Вот и в жизни Ивана повелось: и любовь, и дружба виделись отраднее после заката, и ярче светились пред очами, когда уже… близенько локоток, да не укусишь, и, как в детстве, терзала досада, что опять пропустил, опять прозевал.

Вместе с летом поминались Ванюшке купания дотемна и досиня; поминались рыбалки с ночевой на другом от деревни, диком берегу озера, непролазно заросшем тальником и боярышником; поминалась и голубица, синеющая для малого на счастливой верхушке лета.

X

Пойдут, бывало, по голубицу на горб таежного хребта, по-медвежьи вздыбленного над лесничьим домом и приудинской долиной. Мать, на ноги не шибкая, приткнется к мало-мальскому курешку и берет ягоды быстрыми, мозольно-темными пальцами, словно доит голубичник или шерсть тянет из кудели, привязанной прялке, и, поплевывая на пальцы, прядет дымно-голубые нити – пальцы так и мельтешат, так и мельтешат над ягодной россыпью. А ведерко – в нем лишь бы донышко покрыть, а там уж само пойдет, – на глазах полнится голубицей.

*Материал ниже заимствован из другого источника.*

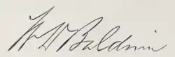 Baldwin was involved in several other business and financial enterprises in addition to his work at Otis, and held high positions in several of them,[2] including being named the Vice President of the First National Bank of Yonkers.[1] and Director of the Lincoln Trust Company and Home Insurance Company.[5] He was also politically active as a member of the Republican party,[2] but never sought to run for office, even declining a nomination by the party in 1892 for Congress;[1] although his great grandson, Michael Delavan Ward, did serve in Congress, elected for one term in 1994 in Kentucky's 3rd congressional district, in Louisville. Baldwin was a member of a number of clubs and other political and social organizations including the Chamber of Commerce, the American Geographic Society, the Union League, the Adirondack League Club, and the Lawyers', Engineers', Racquet and Tennis, and National Arts clubs.[2][3][5] He served as President of The First Church of Christ, Scientist for one term from 1910 to 1911,[6] and President of the Board of Trustees for one of its New York branch churches, Second Church of Christ, Scientist, New York.[7][8]
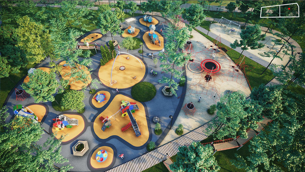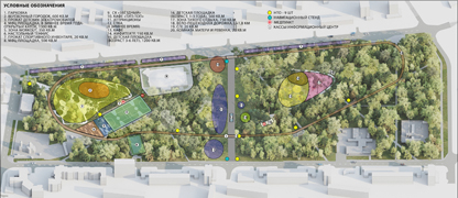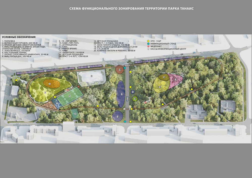 - - для обеспечения комфортного отдыха и пребывания разместить на территории парка: систему навигации, информационный центр (кассы), в спортивной зоне – медицинский пункт, прокат спортивного инвентаря, в детской зоне – комнату матери и ребенка, а также туалетные модули. На основных маршрутах парка предусмотрены точки общественного питания (кафе), современные МАФы (уличная мебель, урны, освещение), разные типы покрытия дорожно-тропиночной сети, велопарковки.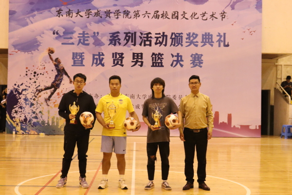 5月21日晚,由校团委主办,校学生会体育部承办的第六届校园文化艺术节“三走”系列活动颁奖典礼暨男篮决赛在后藤体育馆举办。东南大学成贤学院团委书记、人武部部长潘明烽,制药与化学工程学院综合办主任刘静,制药与化学工程学院分团委书记刘庆,机械与电气工程学院辅导员赵小宁,校团委老师冯杭州以及500余名学生共同参加了此次活动。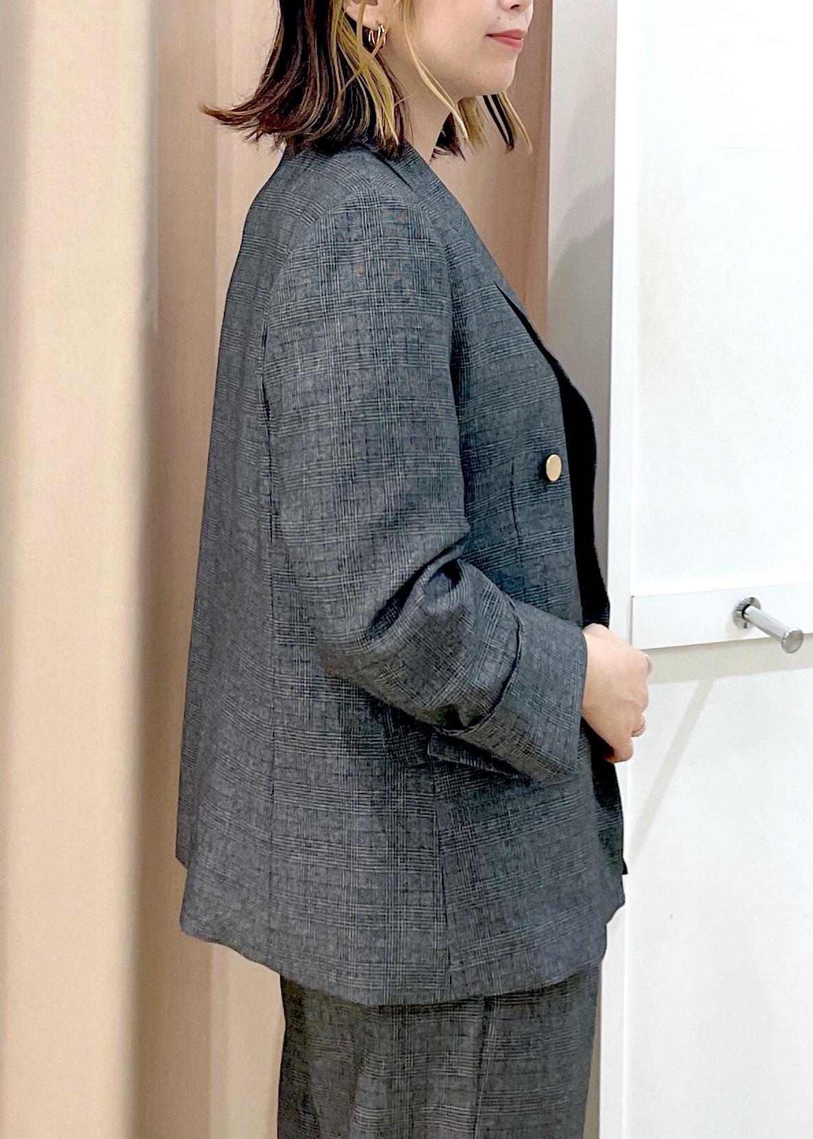 ジャケットは半分のみの裏地で、早い段階で着用しやすいアイテム◎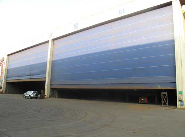 無錫工業(yè)門采用雙層高強(qiáng)度PVC簾布,寬24米,高12米,防墜落安全裝置,在安全性能上做了合理布局,該工程地點(diǎn)位于長江邊,風(fēng)力較大,因此設(shè)計(jì)抗風(fēng)壓力在12級(jí),無錫出安智能工業(yè)門。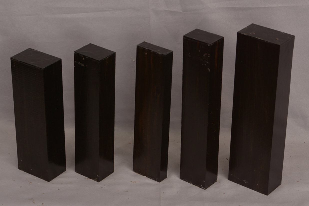 Sometimes called Gabon or Gaboon, this Ebony is sometimes jet black but oftentimes has grayish streaks that mostly disappear when finished or after the made object has been put into service. This Ebony has a marked resistance to checking that is characteristic of some of the Indian and Asian species. It has a wonderful texture and is easily carved, planed, turned, and milled. It is fairly fine-grained and takes a high polish. This Ebony usually originates in either Cameroon or Nigeria and the logs are rough hewn in the forest and oftentimes brought to the nearest road by human porters. With the disappearance of other species of black Ebony this species is fast becoming the Ebony of choice.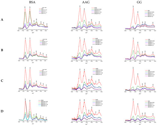 The infrared spectroscopy (IR) method combined with the mathematical algorithm of Fourier self-deconvolution (FSD) is wildly used to study the conformational changes in secondary structures of proteins. This approach was extensively utilized to analyze many biological fluids. The characteristic vibration of chemical groups in peptides and proteins reveal particular transmittance/absorption bands in the spectrum, namely Amide A (~3300 cm−1), Amide B (~3100 cm−1), and Amide I–VII (with respective positions ~1650 cm−1, ~1550 cm−1, ~1300 cm−1, ~735 cm−1, ~635 cm−1, ~600 cm−1, ~200 cm−1) [39,40,41]. Amide A and B signals originate from NH stretching vibration. The Amide I peak appears, first of all, as a result of stretching the C=O group, but also with contribution C–N stretching, C–C–N deformation, and N–H bending in-plane, whereas Amide II is caused mainly by N–H bending in-plane, and additionally by C–N stretching with contribution C–O bending in-plane and C–C and N–C stretching [39,41,42]. The secondary structure of a protein is related to the spatial arrangement of the peptide bonds chain and also interaction with adjacent amino acid residues in the sequence. However, Amide I is the most sensitive and the most conventional band to verify the conformation changes in protein [43,44]. It chiefly depends on peptide bond vibrations. The remaining Amide bands (III-VII) are not so important and useful in the analysis of the conformational structure of proteins because they mainly result from side-chain interactions of individual amino acids and other weak interactions such as hydrogen bonds. The free serum blood proteins were characterized by a unique IR spectrum, in which most variable regions 1800–1200 cm−1 are presented in Figure 12. The Amide I band for examined BSA, AAG, and GG was observed at 1651 cm−1, 1631 cm−1, and 1637 cm−1, respectively. In addition, the Amide II signal exhibits high intensity peak at position 1547 cm−1 for BSA, 1549 cm−1 for AAG, and 1543 cm−1 for GG. In contrast, the Amide III band is only observed for BSA at 1300 cm−1 is very weak for AAG at 1315 cm−1, and absent in the GG spectrum. The study of the interaction of phthalimide analogs with individual proteins was carried out by monitoring the changes in the peak intensity of Amide I and Amide II in various molar ratios. The general conclusion is the increase in the concentration of the compounds caused a significant decrease in the intensity and shape of the Amide I and II bands. A slight shift in the peaks was also observed as shown in Figure 12. The most spectacular changes occurred until an equimolar amount of protein and ligand was achieved. The compounds A and D did not exert any significant effect on the Amide bands of BSA after the addition of the first portion, unlike compounds B and C. On the other hand, in the interaction with GG, a drastic reduction in the absorption of these bands was observed. The result of a decreased intensity of peaks assumes the variation in the protein secondary structure. The next step was to bring under quantitative analysis Amide I peak for spectra with equimolar amount of compounds and proteins.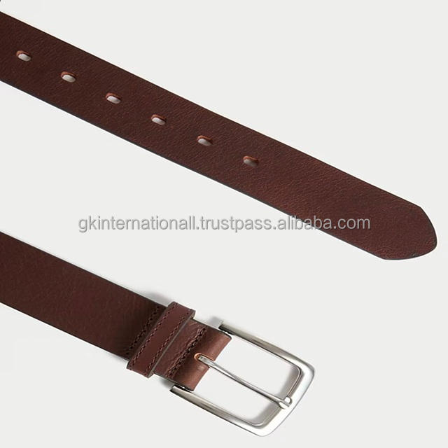 เข็มขัดหนังแท้หัวเข็มขัดสีเงินด้านสำหรับผู้ชายและผู้หญิงแบบลำลองทำมือ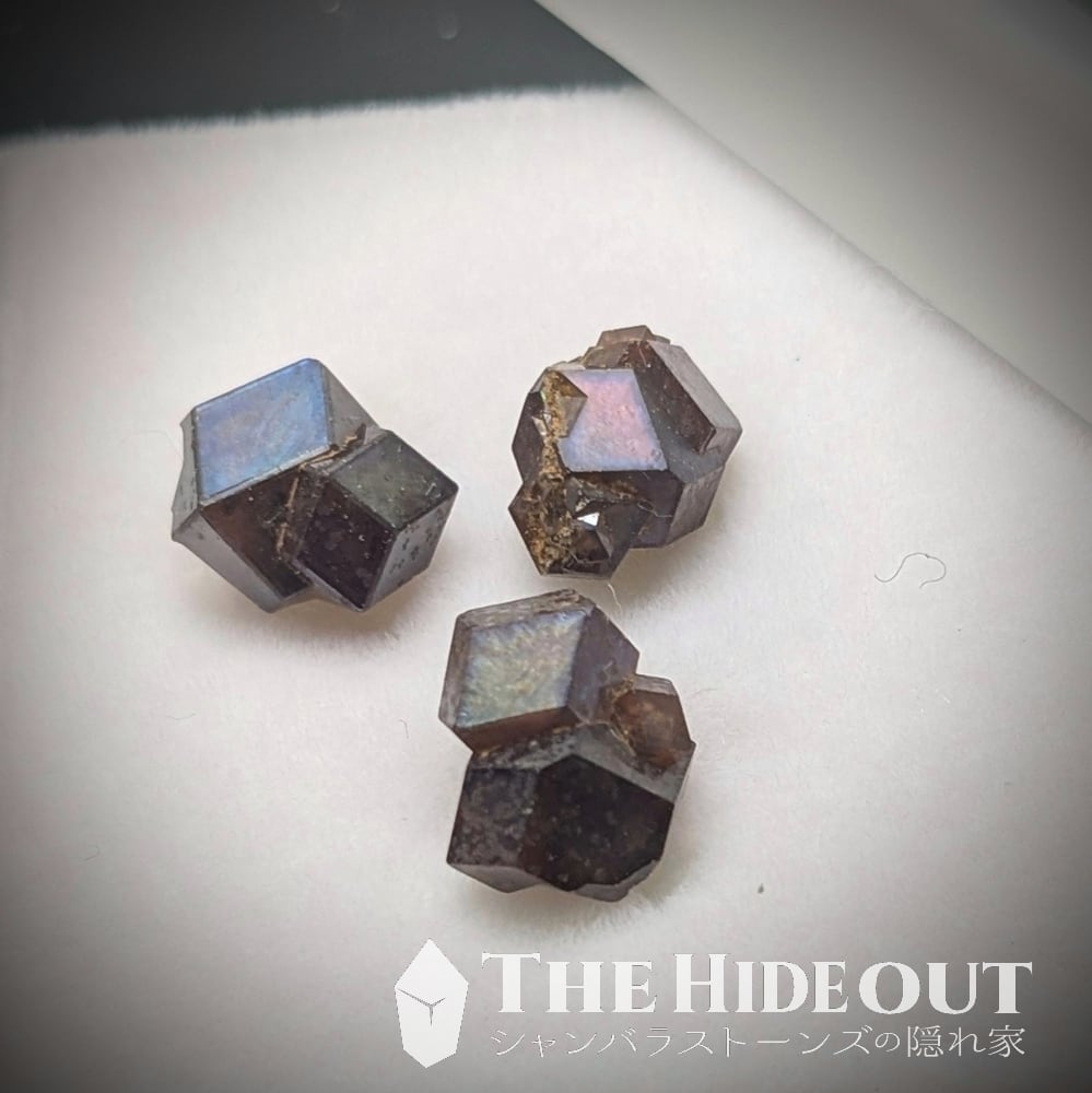全部推せるポイントに書いちゃいました。この極小軍団お勧めです。小さいのにクオリティー高いです。ビックリするくらい鮮やかな色が発現しますし、濁りの少ない鏡面の輝き。小さいのに整ったクラスター形状はダメージ無し。ここに掲載した写真や動画以上に良いので手にした方はひとつひとつをしっかり観察して、、、写真や動画でも投稿して頂いて見せびらかして下さい。

Сестра Шура, о ту пору мужняя, которой быстро надоедает ребячья колготня, пасет ягоду неособицу, изредка, неохотно и ворчливо откликаясь на материно ауканье. Мать собирает голубицу подле ребятишек. Ванюшку же с сестрой Веркой одолевает лень, какая еще наперед их родилась, и, вырвавшись, в лес, точно годовалые бычок с телочкой на вольную мураву, задерут хвосты и пошли скакать по кустам, котелками брякать, только шумоток стоит в голубичнике. Найдут курешок – голубица вроде рясная – и бегут до матери наперегонки, поскольку каждому охота первому похвастать. Прибегут, запалятся, раструсят набегу припасенные слова, расшиньгают их в клочья о сердитый шиповник и одно лишь в голос ревут:

– Мам!.. мам!.. мам!.. ягоды там!.. – тут уж, покраснев от натужного, неодолимого восторга, задыхаются словами, и шепчут сдавленным, сипловатым шепотом с тоненьким присвистом сквозь щели в зубах. – Ягоды там… с-синым-синё, с-синым-синё… с-син-нё-пре-с-с-син-нё!.. – здесь аж зубы сожмут до скрипа и мотают выгоревшими на солнце головенками, показывая, как там синым-синё, синё-пресинё, что и зубы студено ломит от ручейковой синевы, и глаза режет, и головушка кругом идет.

Мать отпугнется эдаким шалым восторгом, покачает маленькой головкой, от мошки и комаров туго повязанной белым, в крапинку платочком, и проворчит:

– Какой лешой вас по лесу носит… – но ворчание не избяное, нудное, похожее на капель из старого рукомойника, а лесное, сквозь смущенную улыбку, нарошечное ворчание, румяно сдобренное блаженным покоем, голубичным урожаем, цвирканьем птичек из отяжелевшей августовской зелени и лоскутков синего небушка, мигающего сквозь березовую листву. – Сядьте тута-ка, да и берите – ягода, она кругом одинакова. А то пробегаете, просивентите и останетесь с полыми руками. Ну-ка… ну-ка, покажите, чего набрали-то?.. обогнали, поди, меня, старую?.. – мать приговаривает, а руки ее, как заводные, так и чешут, так и чешут голубичник. – Надо бы вам, ребятки, по ведру всучить, а то чо же вы с этими манерками?! – мать вытягивает шею, пытается занырнуть взглядом в пустые ребячьи котелки, но Ванюшка с Веркой прячут их за спинами. – Вы уж, ребятушки, случаем не ссыпаете куда ягоду? – лукаво посмеивается мать, обирая голубичник вокруг себя. – Скрадок-то приметили?.. А то, не дай бог, потеряете. Тут же как иголку в стоге сена искать, – тайга бо-ольша-ая. И пропадет ваша ягодка, останется бурундуку на зиму…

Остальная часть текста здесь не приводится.